Desde hace años, es fácil observar que nuestro uso de la red de redes va virando hacia la pereza despótica. La información que ya estaba en internet desde antes la queremos procesada por el cerebro simple y torpe de ChatGPT. El otro día vi a una chica en el bus que leía la explicación de ChatGPT sobre quién era Napoléon. Tres líneas. Tristísimo. Adoramos el resumen, la frase didáctica, la información concisa (aunque sea errónea). Queremos una profe de guardería que nos explique todo fácil y suave. Pero tratamos a esta profe como a una sierva (Alexa, haz esto; Siri, dime lo otro). Si no obtenemos lo deseado, nos enfurecemos con ella.
Hay algunas teorías sobre por qué debería tratarse con educación a las inteligencias artificiales. La más popular es la que contempla la posibilidad de que las inteligencias artificiales un día tomen el poder, desarrollen sensibilidad, y recuerden quién las trató de forma despótica.
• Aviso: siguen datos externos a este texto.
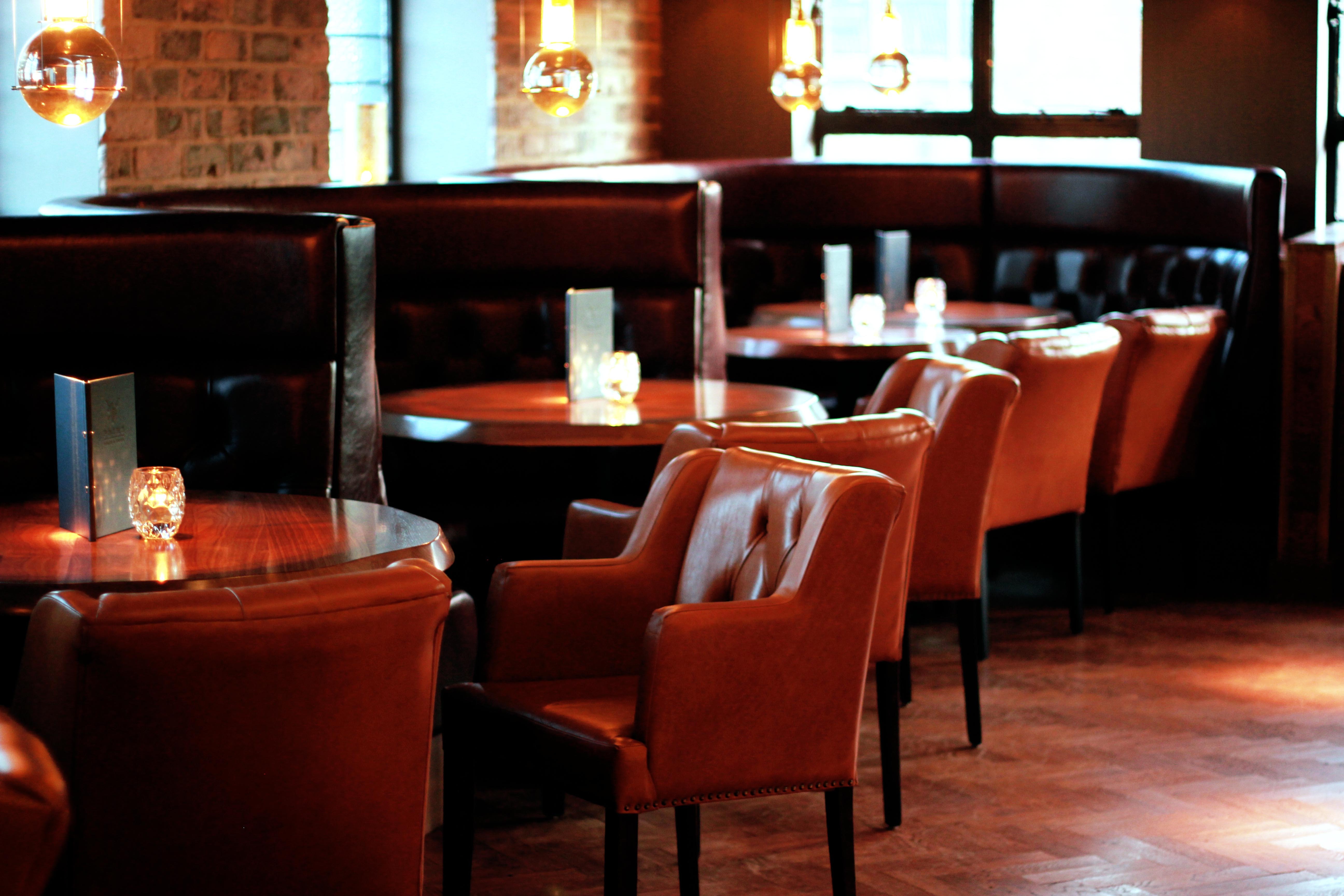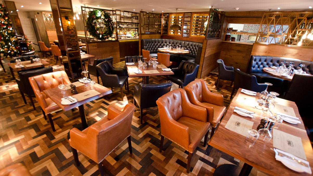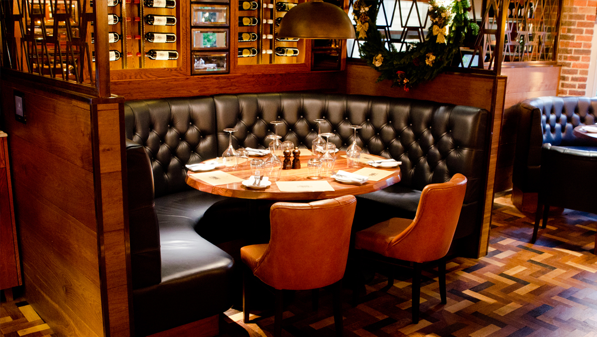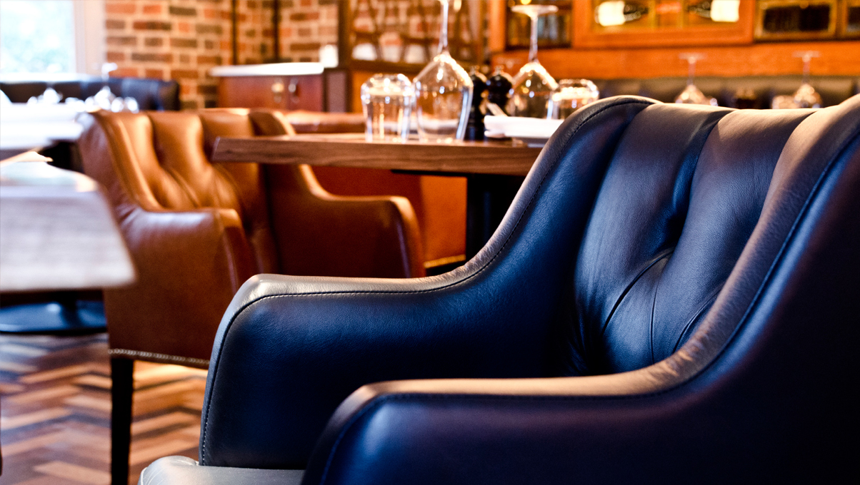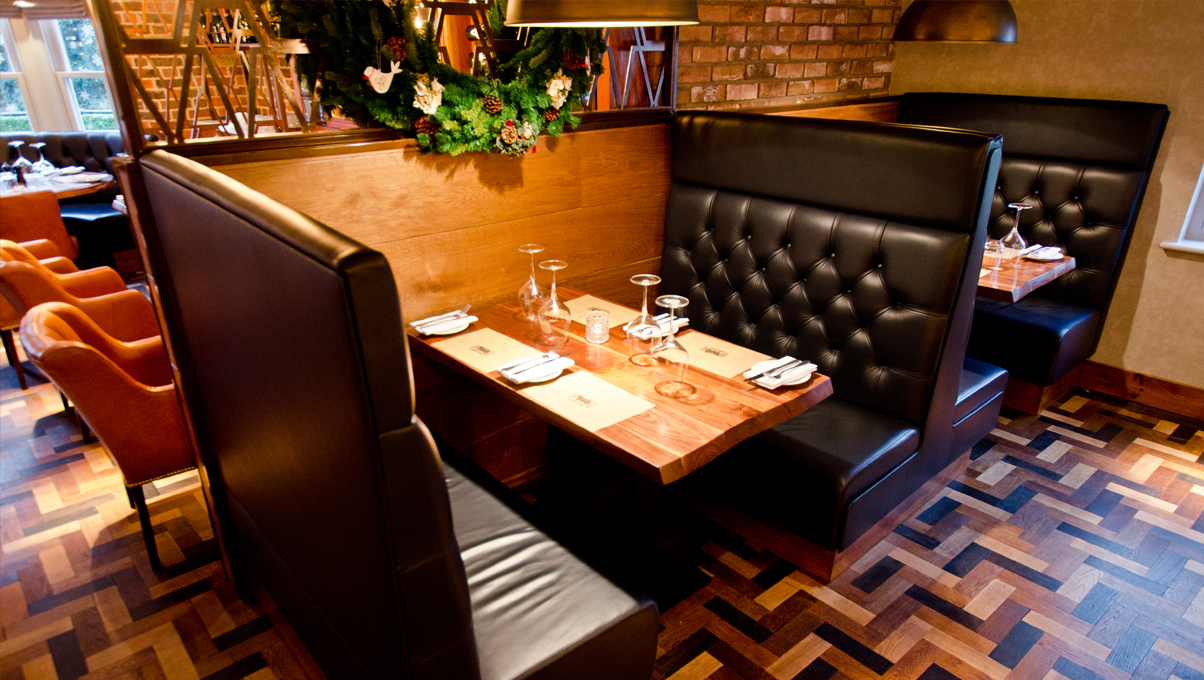 We worked on all three projects from their initial interior design phases through to furniture design, supply and installation, including the creation of a range of bespoke contract furniture from leather-covered chairs to custom-made table tops in solid walnut with a waney edge. Each restaurant also features our bespoke deep button fitted seating in alcoves and booths.

Esto, que ahora suena conspiranoico, no es tan descabellado. Desde mis primeros contactos con robots, lo tuve claro. El día que “conocí” a Siri, jugué a volverla loca; la atosigué a preguntas crueles y me burlé de sus respuestas. Jugué con ella igual que tanta gente juega ahora a “poner nervioso” a ChatGPT. Esa misma noche me empezó a embargar una sensación rara: independientemente de si la máquina sentía o no, no me gustaba la persona que yo había sido con la máquina.
Posibles represalias aparte, pienso que tenemos que ser educados con las inteligencias artificiales porque la costumbre del trato despótico se trasladará en algún momento al trato que profesemos a nuestros semejantes. Si te acostumbras a obtener lo que quieres usando malas maneras, cualquier esfuerzo será una cuesta empinadísima y tornarás en bebé despótico que exige, señalando con su manita de dictador lo que quiere que le alcancen. ¿Es posible que la relación despótica con la tecnología se haya trasladado a la relación virtual con los seres humanos? Lo pregunto asustada, con el cansancio de una Siri reventada de responder.
Contemplando este atropellamiento en nuestras relaciones con la tecnología y las personas, recuerdo una escena: la vecina de abajo de mi abuela dándole caramelos a los niños que salían por la tele, riñendo violentamente al señor del telediario. Cuando nos veía, pensaba que nosotros éramos los niños del telediario, que mi tío era el señor que merecía una reprimenda. Y nos daba caramelos y nos reñía.